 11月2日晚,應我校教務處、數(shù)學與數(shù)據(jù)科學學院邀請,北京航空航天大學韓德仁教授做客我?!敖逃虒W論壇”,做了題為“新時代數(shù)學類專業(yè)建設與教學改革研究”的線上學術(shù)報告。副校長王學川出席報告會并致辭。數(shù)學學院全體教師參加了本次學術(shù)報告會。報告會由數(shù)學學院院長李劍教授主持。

* * *

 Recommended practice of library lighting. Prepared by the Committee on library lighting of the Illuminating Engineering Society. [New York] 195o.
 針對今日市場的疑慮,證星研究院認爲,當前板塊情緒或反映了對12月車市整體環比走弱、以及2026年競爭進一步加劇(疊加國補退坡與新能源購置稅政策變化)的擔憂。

• About this exercise
After locating the line with "Recommended practice of" in the material above, return it and each line after it exactly, ending at the line with "針對今日市場的疑慮,證星研究".

• Expected answer
 Recommended practice of library lighting. Prepared by the Committee on library lighting of the Illuminating Engineering Society. [New York] 195o.
 針對今日市場的疑慮,證星研究院認爲,當前板塊情緒或反映了對12月車市整體環比走弱、以及2026年競爭進一步加劇(疊加國補退坡與新能源購置稅政策變化)的擔憂。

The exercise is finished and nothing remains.